Двое всадников выезжали из аила, направляясь в горы. Один на буланом коне, другой — на гнедом. Хвосты их коней были подвязаны тугими узлами — путь предстоял далекий. Грязь, перемешанная со снегом, чавкала, разлеталась из-под копыт брызгами и комьями.

Гульсары шел на тугих поводьях напористой поступью. Настоялся иноходец, пока хозяин болел дома. Но сейчас на нем ехал не хозяин, а кто-то незнакомый в кожаном пальто и распахнутом брезентовом плаще поверх пальто. От его одежды попахивало краской и резиной. Чоро ехал рядом, на другом коне. Это случалось — уступал иноходца товарищу, приехавшему из района. А Гульсары, собственно, было все равно, кто на нем сидел. С тех пор как его взяли из табуна, от прежнего хозяина, много людей ездило на нем. Разных людей — добрых и недобрых. Удобных и неудобных в седле. Попадал и в руки лихачей. Ох и дурные же они на коне! Разгонит такой вовсю и вдруг осадит удилами, поднимет на дыбы и снова разгонит и снова осадит намертво. Сам не знает, что вытворяет, только чтобы все видели, что он на иноходце. Ко всему уже привык Гульсары. Ему лишь бы не стоять на конюшне, не томиться. В нем все еще жила прежняя страсть — бежать, бежать и бежать. А кого он везет, ему все равно было. Это седоку было не все равно, на каком коне он ехал. Буланого иноходца подали — значит, уважают, боятся его. Силен, красив Гульсары. Покойно и надежно на нем седоку.
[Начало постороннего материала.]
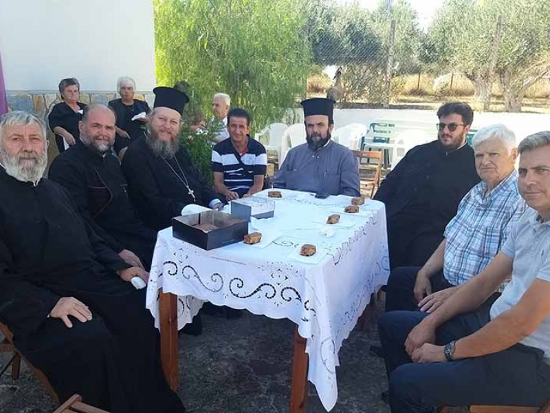 Στον Μέγα Πανηγυρικό Αρχιερατικό Εσπερινό, πλαισιούμενος από τους Αιδεσ. π. Παντελεήμων Παπαηλιού, π. Γεώργιο Τούμπα, π. Αυγερινό Τσουκαλά, π. Θεόδωρο Γκοτσόπουλο και τον οικείο Εφημέριο π. Νικόλαο Κατσηδήμα, χοροστάτησε ο Σεβασμιώτατος Μητροπολίτης μας κ.κ. Γερμανός, ευλογώντας επίσης και τους προσφερθέντες άρτους.

В этот раз на иноходце ехал районный прокурор Сегизбаев, посланный в колхоз уполномоченным. Сопровождал его парторг колхоза — тоже, стало быть, уважение. Молчит парторг, боится небось: дела-то плохи с расплодной в овцеводстве. Очень плохи. Ну и пусть молчит. Пусть боится. Нечего ему лезть с пустыми разговорами, нижестоящие должны робеть перед вышестоящими. Иначе никакого порядка не будет. Есть еще такие, что запросто держатся со своими подчиненными, так потом от этих же самых подчиненных такие щелчки получают, что пыль идет с них, как со старой одежды. Власть — дело большое, ответственное, не каждому по плечу.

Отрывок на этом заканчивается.